Hi Russ,

I have fixed our root.cell so we can back to the original problem report. Sorry 
for the noise.

Let me try to describe it in another way:

we chroot() FTP users into our root.cell.
Under that, several volumes are mounted. For one particular volume, FTP access in the chroot does not work correctly, because getcwd() returns the absolute path to the FTP daemon instead of the path relative to the chroot as it is in the other volumes.

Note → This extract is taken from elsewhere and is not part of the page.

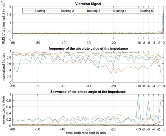 The individual feature selection is performed twice at different time intervals. Firstly, all measured data are taken into consideration; thus, the whole lifespan of the tested bearing is observed. Secondly, the last hour before initial damage detection by the test rig is exclusively studied. This enables the observation of the behavior of a feature before initial damage without the influence of the pre-run-in stage. This is of high interest because this stage shows similar effects in the impedance signal to the impedance signal after the initial damage [].

The bad volume is the "www" one, here are some traces of the FTP daemon

pm3:~# strace -ff -p 3574 2>&1|grep cwd
[pid 23701] getcwd("/"..., 4096)        = 2
[pid 23701] getcwd("/"..., 4096)        = 2
[pid 23701] getcwd("/upload"..., 4096)  = 8
[pid 23701] getcwd("/afs/.<ourcell>/www"..., 4096) = 24
[pid 23701] getcwd("/afs/.<ourcell>/www"..., 4096) = 24

The bad getcwd output leads to the FTP server reporting to the user that he is now in the absolute path (but that does not exist because we are in the chroot). So if you are using a graphical client like FileZilla, it will report that you are now in /afs/.<ourcell>/www instead of just /www and all links to subdirectories in the FTP client are broken.

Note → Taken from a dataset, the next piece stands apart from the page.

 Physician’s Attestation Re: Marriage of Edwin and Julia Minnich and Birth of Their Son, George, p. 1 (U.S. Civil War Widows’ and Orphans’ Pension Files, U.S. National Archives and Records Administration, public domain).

So there has to be something special about that volume and I suspect it is that only in this volume other processes like apache are opening files and maybe doing getcwd() calls too.

It is possible that the AFS client caches the result of a getcwd() call or something similar for all processes and does not take chrooted processes into account?

Is there anything else I can provide to you for debugging purposes?